• [THE PROBLEM] Output only the lines below from the one holding "6-tlg. Garten-Lounge-Set mit" down to the one holding "300 F61KV. ////", both end lines included and every picture dropped.

• [MATERIAL TO PROCESS]
--------------------------------------------------

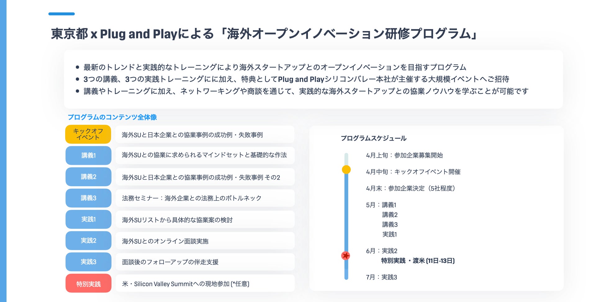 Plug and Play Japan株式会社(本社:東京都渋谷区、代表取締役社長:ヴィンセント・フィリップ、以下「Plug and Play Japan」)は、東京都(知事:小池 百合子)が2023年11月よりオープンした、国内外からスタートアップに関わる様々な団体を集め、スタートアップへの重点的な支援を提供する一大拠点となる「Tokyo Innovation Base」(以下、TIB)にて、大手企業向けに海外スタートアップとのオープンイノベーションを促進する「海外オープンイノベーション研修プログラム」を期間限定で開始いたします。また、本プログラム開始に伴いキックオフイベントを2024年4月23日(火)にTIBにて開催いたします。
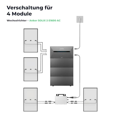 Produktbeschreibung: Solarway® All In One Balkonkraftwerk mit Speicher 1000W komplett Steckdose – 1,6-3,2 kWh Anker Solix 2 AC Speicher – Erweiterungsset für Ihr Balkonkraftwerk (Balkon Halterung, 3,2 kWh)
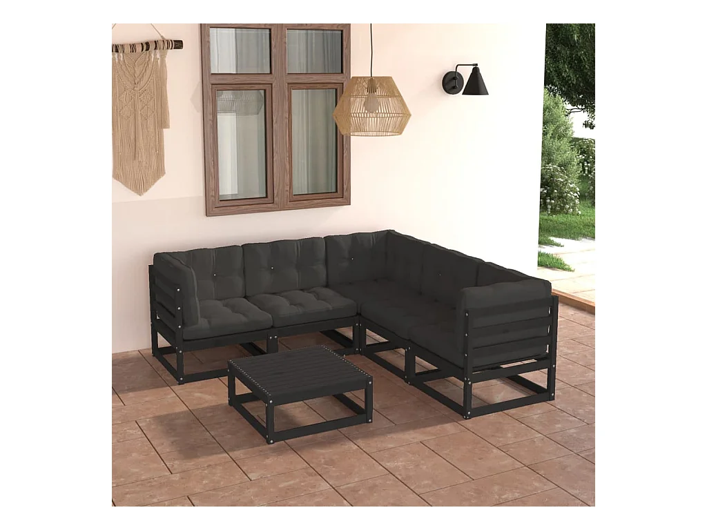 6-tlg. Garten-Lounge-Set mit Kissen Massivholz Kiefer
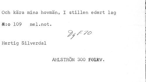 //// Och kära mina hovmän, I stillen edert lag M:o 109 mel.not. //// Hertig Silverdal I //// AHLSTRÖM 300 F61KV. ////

--------------------------------------------------

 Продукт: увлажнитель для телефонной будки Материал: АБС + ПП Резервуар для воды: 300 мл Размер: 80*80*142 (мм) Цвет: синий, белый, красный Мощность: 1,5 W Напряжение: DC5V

--------------------------------------------------

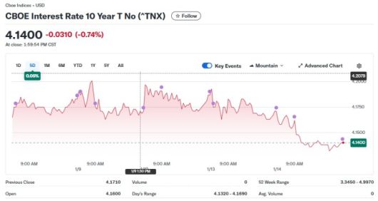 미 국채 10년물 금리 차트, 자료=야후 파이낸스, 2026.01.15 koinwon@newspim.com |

--------------------------------------------------

• [ANSWER TO THE EXERCISE]
 6-tlg. Garten-Lounge-Set mit Kissen Massivholz Kiefer
 //// Och kära mina hovmän, I stillen edert lag M:o 109 mel.not. //// Hertig Silverdal I //// AHLSTRÖM 300 F61KV. ////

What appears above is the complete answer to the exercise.